← Back to context

Comment by toast0

8 hours ago

If process A is waiting for a reply from process B and process B is waiting for a reply from process A; that is deadlock. There is no way those processes can continue (unless there's a timeout or one process gets killed). Other processes may progress as long as they don't need a reply from process A or B ... which sometimes is fine. (Edit: nevermind, I forgot the 5 second timeout if you use gen_server:call/2; you will end up in livelock if it happens continuously, but a mostly ok system if it works out)

Livelock is something like you've got 1000 nodes that all want to do X, which requires an exclusive lock and the method to get an exclusive lock is:

Broadcast request to cluster

If you got the lock on all nodes, proceed

If you get the lock on all nodes, release and try again after a timeout

This procedure works in practice, when there is low contention. If the cluster is large and many processes contend for the lock, progress is rare. It's not impossible to progress, so the system is not deadlocked; but it takes an inordinate amount of time, mostly waiting for locks: the system is livelocked. In this case, whenever progress happens, future progress is easier.

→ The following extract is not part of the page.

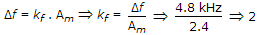 In an FM system, when the AF is 500 Hz and the AF voltage is 2.4 V, the deviation is 4.8 kHz. If the AF voltage is now increased to 7.2 V, the new deviation will be
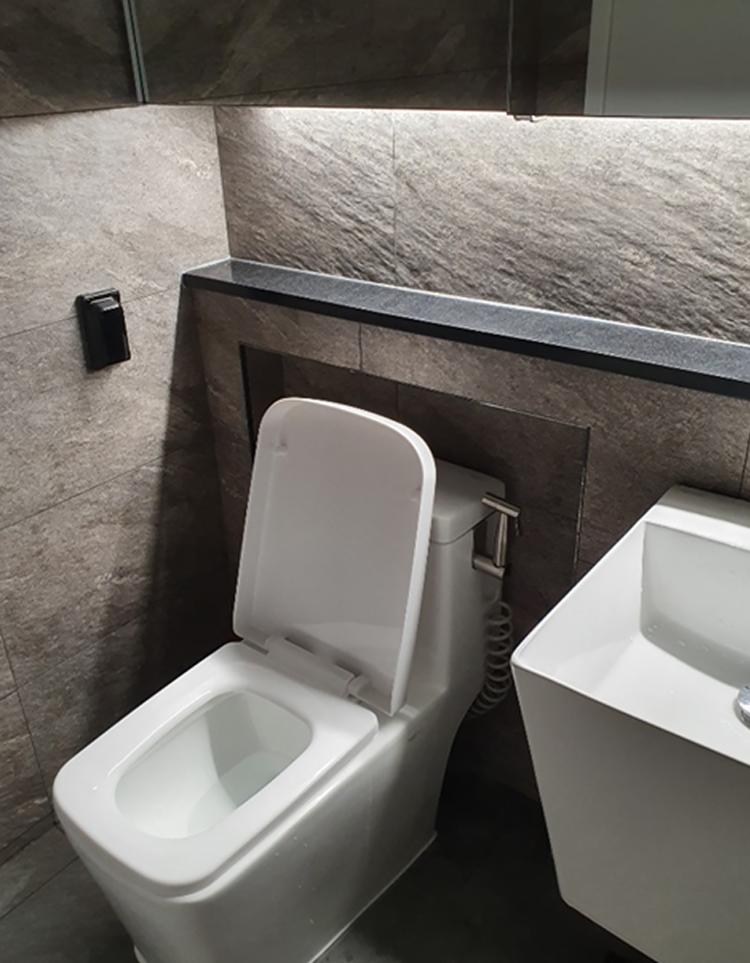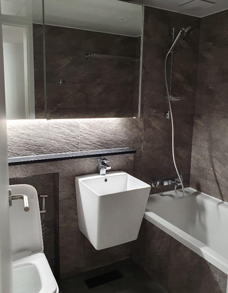 울퉁불퉁 재질이 잘 보이는 타일을 원해서 직접 고른 타일인데, 조명을 켰을 때 그 매력이 더해져서 참 예쁜 욕실이에요. 아이가 있는 집이다 보니 목욕장난감부터 물감까지 다양한 용품을 수납해야 해서, 슬라이드 거울장을 설치했어요. 샤워 수전은 안개분사가 될 수 있는 제품으로 별도로 시공해주셨는데, 간이 스파 효과가 나요. 변기와 세면대는 일반적인 집보다는 조금 낮게 설치해서 아이가 사용하기 편하게 했어요.

This is a rough description of an actual incident with nodes joining pg2, I think around 2018... the new pg module avoids that lock (and IMHO, the lock was not needed anyway; it was there to provide consistent order in member lists across nodes, but member lists would no longer be consistent when dist distonects happened and resolved, so why add locks to be consistent sometimes). As an Erlang user with I think the largest clusters anywhere, we ran into a good number of these kinds of things in OTP. Ericsson built dist for telecom switches with two nodes in a single enclosure in a rack. It works over tcp and they didn't put explicit limits, so you can run a dist cluster with thousands of nodes in locations across the globe and it mostly works, but there will be some things to debug from time to time. Erlang is fairly easy to debug... All the new nodes have a process waiting to join pg2, what's the pg2 process doing, why does that lock not have the consensus building algorithm, can we add it? In the meantime, let's kill some nodes so others can progreas and then we'll run a sequenced start of the rest.